● **WORK ITEM**:
A faithful transcript of all the lines below, with no pictures, is the goal here.

● **RECORD EXTRACTS**:
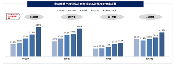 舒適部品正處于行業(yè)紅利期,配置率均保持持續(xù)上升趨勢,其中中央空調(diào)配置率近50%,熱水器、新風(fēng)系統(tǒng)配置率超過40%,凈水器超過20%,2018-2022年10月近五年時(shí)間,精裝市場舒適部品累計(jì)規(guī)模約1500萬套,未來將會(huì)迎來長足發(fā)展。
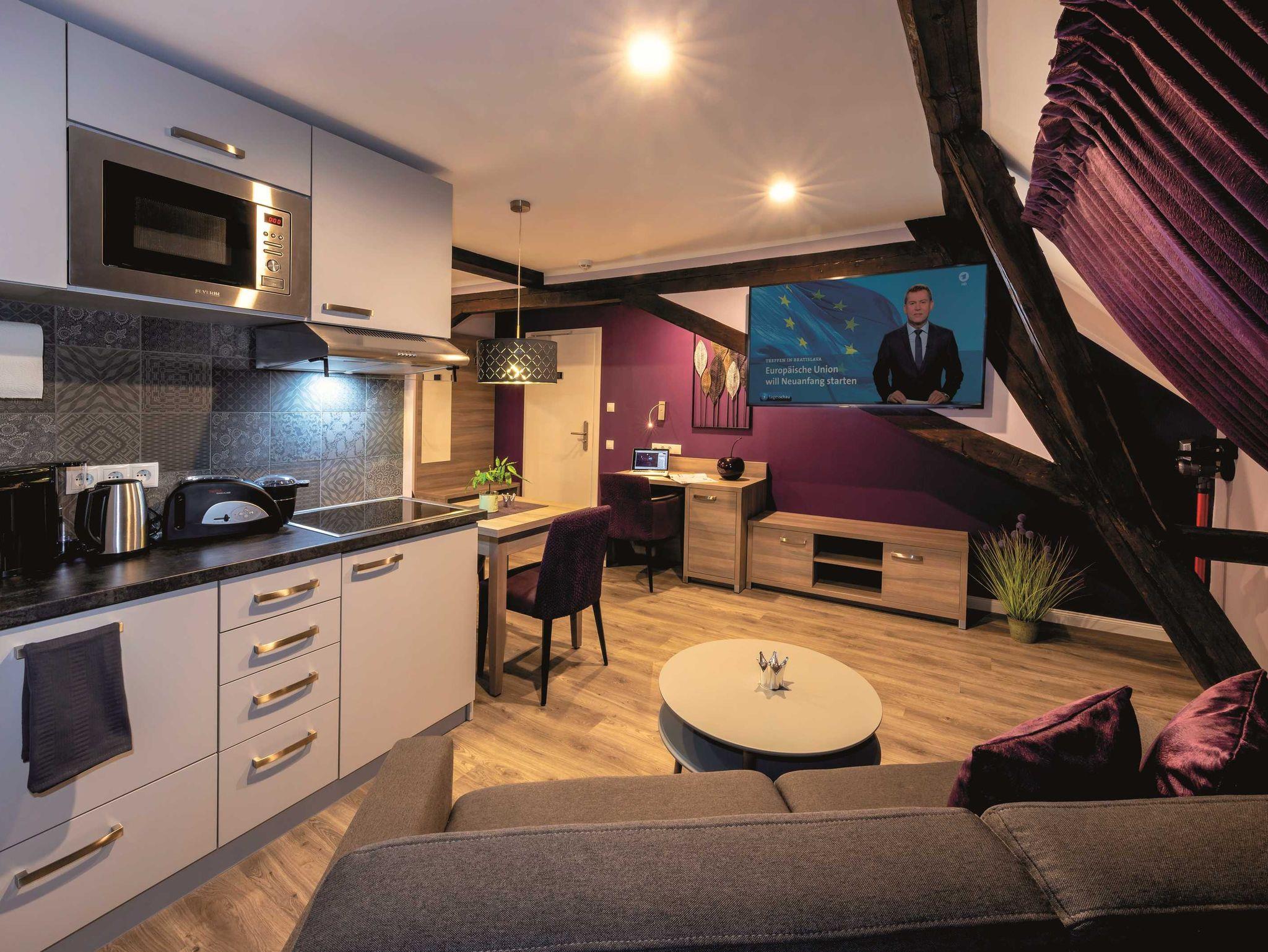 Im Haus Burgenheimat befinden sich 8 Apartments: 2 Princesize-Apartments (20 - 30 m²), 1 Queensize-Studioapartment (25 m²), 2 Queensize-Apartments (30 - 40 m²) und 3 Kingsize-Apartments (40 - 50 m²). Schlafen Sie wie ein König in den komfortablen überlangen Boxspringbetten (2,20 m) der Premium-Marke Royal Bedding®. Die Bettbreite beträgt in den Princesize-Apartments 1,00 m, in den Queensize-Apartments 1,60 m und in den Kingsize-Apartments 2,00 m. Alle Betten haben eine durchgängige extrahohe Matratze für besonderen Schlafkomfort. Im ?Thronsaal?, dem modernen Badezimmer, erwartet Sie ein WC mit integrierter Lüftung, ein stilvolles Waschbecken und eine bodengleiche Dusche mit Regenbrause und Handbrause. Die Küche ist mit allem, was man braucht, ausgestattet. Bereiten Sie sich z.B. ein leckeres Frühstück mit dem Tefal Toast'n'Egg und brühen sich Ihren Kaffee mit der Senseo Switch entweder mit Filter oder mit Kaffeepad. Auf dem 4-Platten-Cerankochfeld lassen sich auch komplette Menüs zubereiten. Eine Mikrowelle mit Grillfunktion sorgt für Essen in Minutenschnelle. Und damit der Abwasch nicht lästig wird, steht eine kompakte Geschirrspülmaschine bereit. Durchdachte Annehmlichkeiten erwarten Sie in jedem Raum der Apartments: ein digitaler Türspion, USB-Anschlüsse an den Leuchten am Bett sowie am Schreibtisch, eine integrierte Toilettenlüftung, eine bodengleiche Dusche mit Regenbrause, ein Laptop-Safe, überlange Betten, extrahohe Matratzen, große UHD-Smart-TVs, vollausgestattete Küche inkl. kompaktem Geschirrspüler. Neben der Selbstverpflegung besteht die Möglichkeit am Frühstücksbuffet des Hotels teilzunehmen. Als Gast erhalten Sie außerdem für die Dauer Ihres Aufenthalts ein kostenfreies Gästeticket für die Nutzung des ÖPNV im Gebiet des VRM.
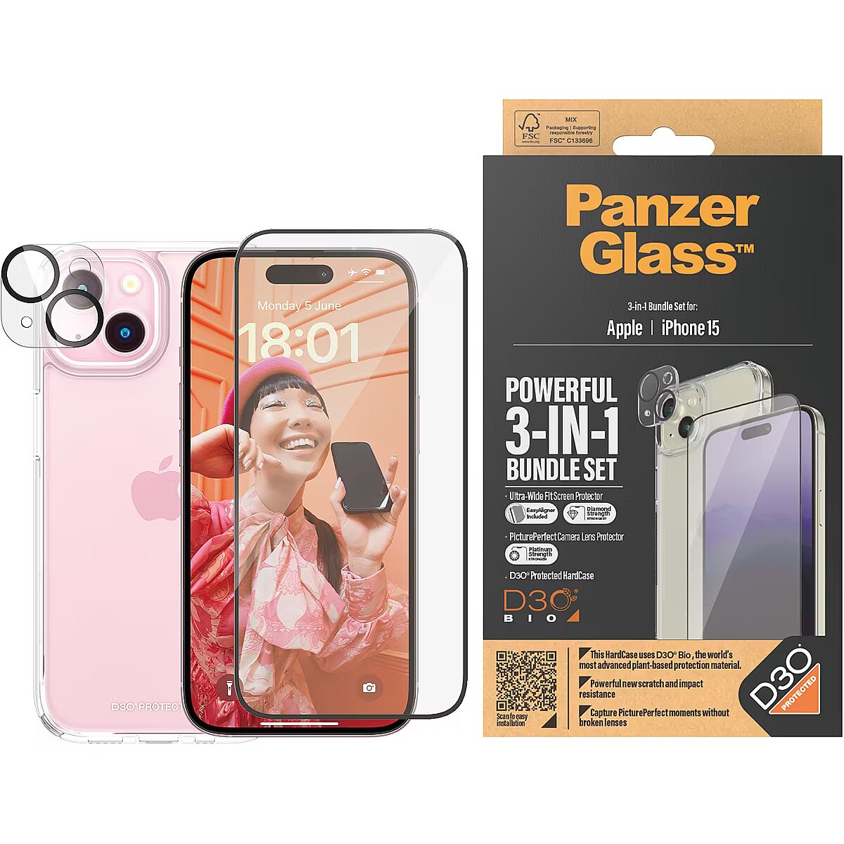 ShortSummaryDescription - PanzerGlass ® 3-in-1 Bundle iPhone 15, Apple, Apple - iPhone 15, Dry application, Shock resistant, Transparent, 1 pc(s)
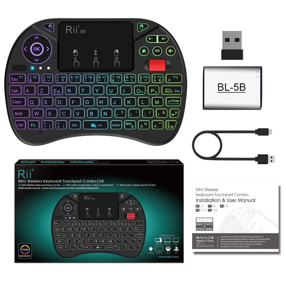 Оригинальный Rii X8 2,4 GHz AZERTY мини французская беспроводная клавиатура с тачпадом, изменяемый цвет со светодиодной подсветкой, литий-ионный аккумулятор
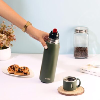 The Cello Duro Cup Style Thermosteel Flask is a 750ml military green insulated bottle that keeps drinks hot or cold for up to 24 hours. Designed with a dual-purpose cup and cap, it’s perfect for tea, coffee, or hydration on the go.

● **RESPONSE BELOW**:
 舒適部品正處于行業(yè)紅利期,配置率均保持持續(xù)上升趨勢,其中中央空調(diào)配置率近50%,熱水器、新風(fēng)系統(tǒng)配置率超過40%,凈水器超過20%,2018-2022年10月近五年時(shí)間,精裝市場舒適部品累計(jì)規(guī)模約1500萬套,未來將會(huì)迎來長足發(fā)展。
 Im Haus Burgenheimat befinden sich 8 Apartments: 2 Princesize-Apartments (20 - 30 m²), 1 Queensize-Studioapartment (25 m²), 2 Queensize-Apartments (30 - 40 m²) und 3 Kingsize-Apartments (40 - 50 m²). Schlafen Sie wie ein König in den komfortablen überlangen Boxspringbetten (2,20 m) der Premium-Marke Royal Bedding®. Die Bettbreite beträgt in den Princesize-Apartments 1,00 m, in den Queensize-Apartments 1,60 m und in den Kingsize-Apartments 2,00 m. Alle Betten haben eine durchgängige extrahohe Matratze für besonderen Schlafkomfort. Im ?Thronsaal?, dem modernen Badezimmer, erwartet Sie ein WC mit integrierter Lüftung, ein stilvolles Waschbecken und eine bodengleiche Dusche mit Regenbrause und Handbrause. Die Küche ist mit allem, was man braucht, ausgestattet. Bereiten Sie sich z.B. ein leckeres Frühstück mit dem Tefal Toast'n'Egg und brühen sich Ihren Kaffee mit der Senseo Switch entweder mit Filter oder mit Kaffeepad. Auf dem 4-Platten-Cerankochfeld lassen sich auch komplette Menüs zubereiten. Eine Mikrowelle mit Grillfunktion sorgt für Essen in Minutenschnelle. Und damit der Abwasch nicht lästig wird, steht eine kompakte Geschirrspülmaschine bereit. Durchdachte Annehmlichkeiten erwarten Sie in jedem Raum der Apartments: ein digitaler Türspion, USB-Anschlüsse an den Leuchten am Bett sowie am Schreibtisch, eine integrierte Toilettenlüftung, eine bodengleiche Dusche mit Regenbrause, ein Laptop-Safe, überlange Betten, extrahohe Matratzen, große UHD-Smart-TVs, vollausgestattete Küche inkl. kompaktem Geschirrspüler. Neben der Selbstverpflegung besteht die Möglichkeit am Frühstücksbuffet des Hotels teilzunehmen. Als Gast erhalten Sie außerdem für die Dauer Ihres Aufenthalts ein kostenfreies Gästeticket für die Nutzung des ÖPNV im Gebiet des VRM.
 ShortSummaryDescription - PanzerGlass ® 3-in-1 Bundle iPhone 15, Apple, Apple - iPhone 15, Dry application, Shock resistant, Transparent, 1 pc(s)
 Оригинальный Rii X8 2,4 GHz AZERTY мини французская беспроводная клавиатура с тачпадом, изменяемый цвет со светодиодной подсветкой, литий-ионный аккумулятор
 The Cello Duro Cup Style Thermosteel Flask is a 750ml military green insulated bottle that keeps drinks hot or cold for up to 24 hours. Designed with a dual-purpose cup and cap, it’s perfect for tea, coffee, or hydration on the go.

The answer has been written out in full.